To find the period of NEAR as it orbits Eros, we can use Kepler's third law, which states that the square of the period of an object orbiting a central body is proportional to the cube of the object's average distance from the center of mass.
1. First, we need to calculate the mass of Eros. The density is given as 2.3 * 10^3 kg/m^3, and the volume of Eros can be calculated using its box-like dimensions: volume = length * width * height = 40 km * 6 km * 6 km.
Converting all the dimensions to meters gives us:
volume = 40,000 m * 6,000 m * 6,000 m = 864,000,000,000 m^3.
2. Now, we can calculate the mass of Eros using its density:
mass = density * volume = 2.3 * 10^3 kg/m^3 * 864,000,000,000 m^3.
3. The height at which NEAR orbits Eros is given as 15 km, but we need to convert it to meters:
height = 15 km = 15,000 m.
4. Next, we calculate the average distance between NEAR and the center of Eros:
average_distance = radius of Eros + height.
Since Eros is box-shaped, we take the width and height as the radius, so the average distance is:
average_distance = (6 km + 15 km) = 21,000 m.
5. Now, we can use Kepler's third law to find the period of NEAR:
period^2 = (4π^2 / G) * (average_distance^3 / mass),
where G is the gravitational constant (approximately 6.67430 × 10^-11 m^3 kg^-1 s^-2).
6. Plugging in the values:
period^2 = (4π^2 / 6.67430 × 10^-11) * (21,000^3 / mass).
7. Finally, we can calculate the period by taking the square root of both sides:
period = √ [(4π^2 / 6.67430 × 10^-11) * (21,000^3 / mass)].
To find the radius of Eros if it were a sphere with the same mass and density, we can use the formula for the volume of a sphere, which is (4/3)πr^3, where r is the radius.
1. We are given the mass and density of Eros.
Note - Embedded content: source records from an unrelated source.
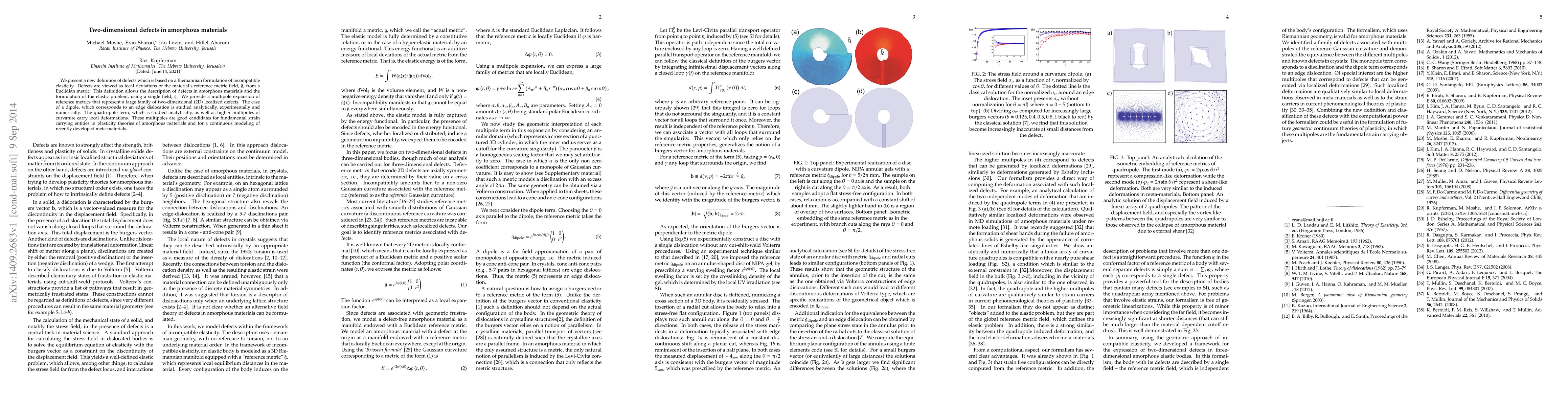 This research introduces a Riemannian approach to define defects in amorphous materials as deviations from a Euclidean metric, using a single reference metric field. It presents multipole expansions for localized 2D defects, analytically, experimentally, and numerically studying dipoles and quadrupoles, which are proposed as fundamental entities in plasticity theories and meta-material modeling.
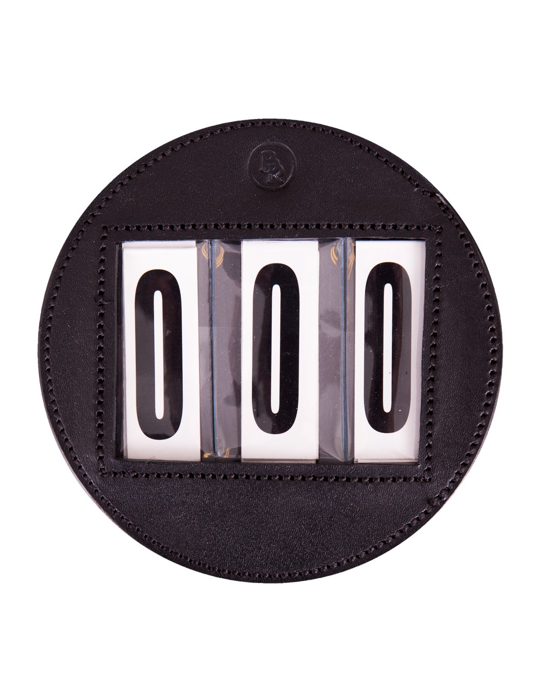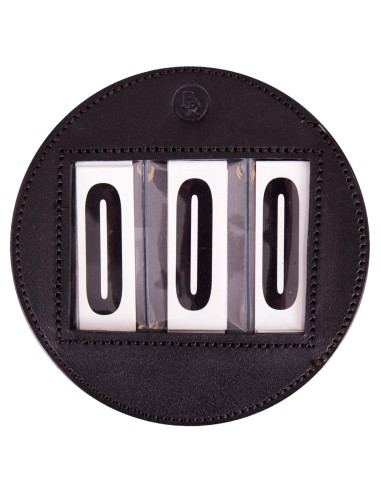 Numéro de départ avec housse ronde en cuir, se fixe facilement au bridon par deux fermetures velcro. Peut également être fixé au tapis de selle par une épingle de sûreté large. Les chiffres sont bien lisibles et réglable de 000 à 999. La housse de luxe a un diamètre de 11 cm.
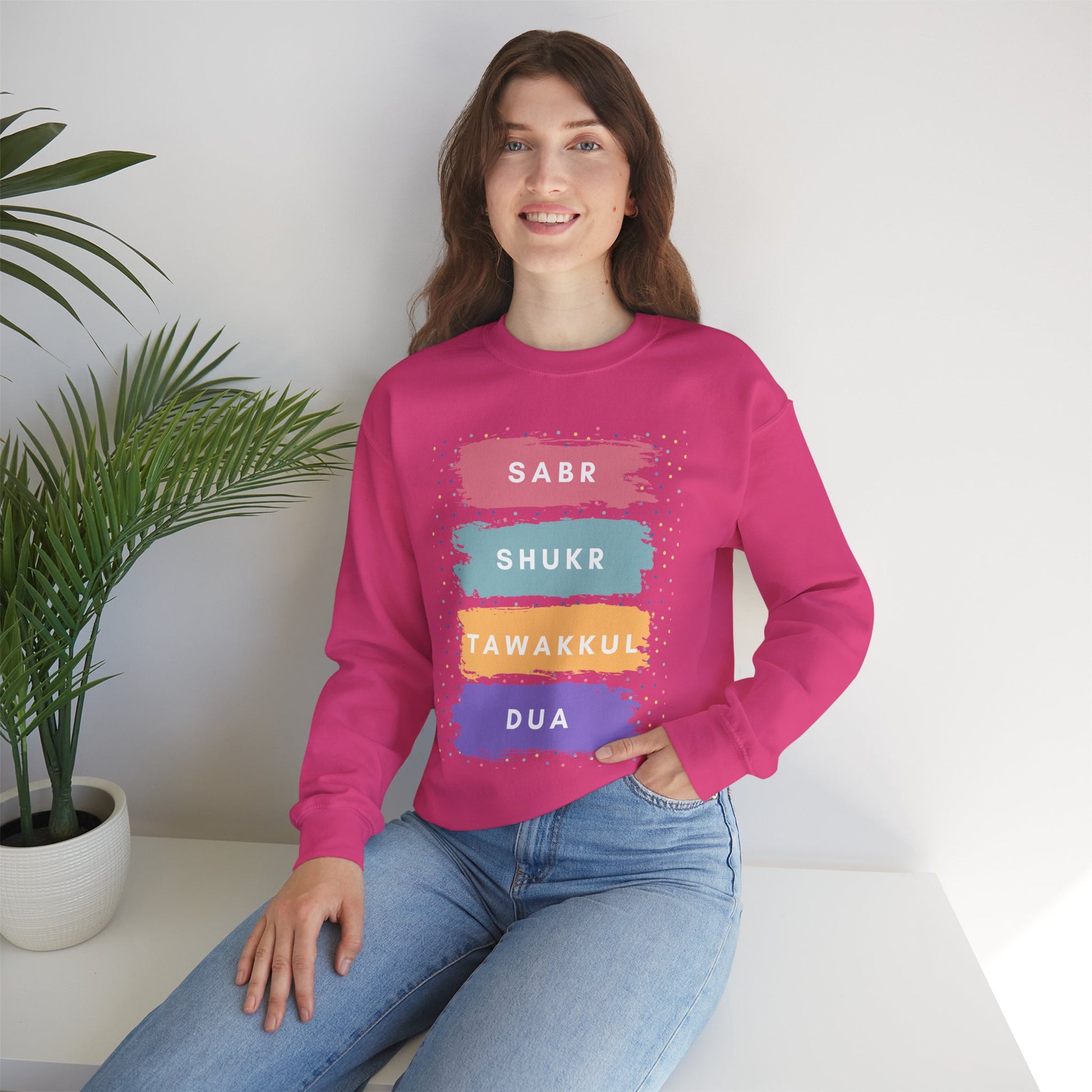 Spread positivity and faith with our Sabr Shukr Tawakkul Dua Typographic Sweatshirt - Colorful Cozy Soft Cotton Unisex Sweatshirt! A cozy and stylish pullover designed to remind us of Sabr Shukr Tawakkul Dua. In Islam, Sabr (Patience), Shukr (Gratitude), Tawakkul (Trust in Allah), and Dua (Supplication) are core spiritual concepts representing pillars of faith, guiding Muslims to remain steadfast in hardship (Sabr), thank God for blessings (Shukr), rely fully on His plan (Tawakkul), and maintain a direct connection with Him through prayer (Dua). These principles form a comprehensive approach to life, strengthening one's relationship with Allah through endurance, thankfulness, reliance, and prayer.
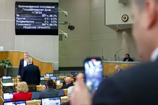 The bill was approved in the third and final reading on Thursday by the State Duma, the lower house of parliament. It will go next to the upper house, the Federation Council, and then to President Vladimir Putin, whose signature will give it legal force.
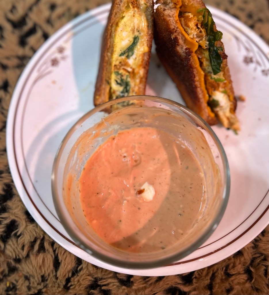 - Put everything in a bow and mix. Enjoy this dip with this sandwich or french fries

Using the formula for mass, we can find the volume of Eros:
volume = mass / density.
2. Now, we can equate the volume of a sphere with the volume of Eros:
(4/3)πr^3 = volume.
3. Rearranging the equation to solve for r, we get:
r^3 = (3 / 4π) * volume.
4. Taking the cube root of both sides, we find:
r = [(3 / 4π) * volume]^(1/3).
Now we can substitute the known values to get the radius of Eros as a sphere.
To find the acceleration due to gravity (g) at the surface of the spherical Eros, we can use the formula for gravitational acceleration:
g = (GM) / r^2,
where G is the gravitational constant, M is the mass of Eros, and r is the radius of Eros as a sphere.
1. We already have the mass of Eros from the previous calculation.
2. Now, we can use the formula for the volume of a sphere to find the radius of Eros as a sphere.
3. Finally, we can substitute the known values into the formula for g to calculate the acceleration due to gravity at the surface of the spherical Eros.
Please note that in the calculations, ensure consistent units are used (e.g., meters for distance).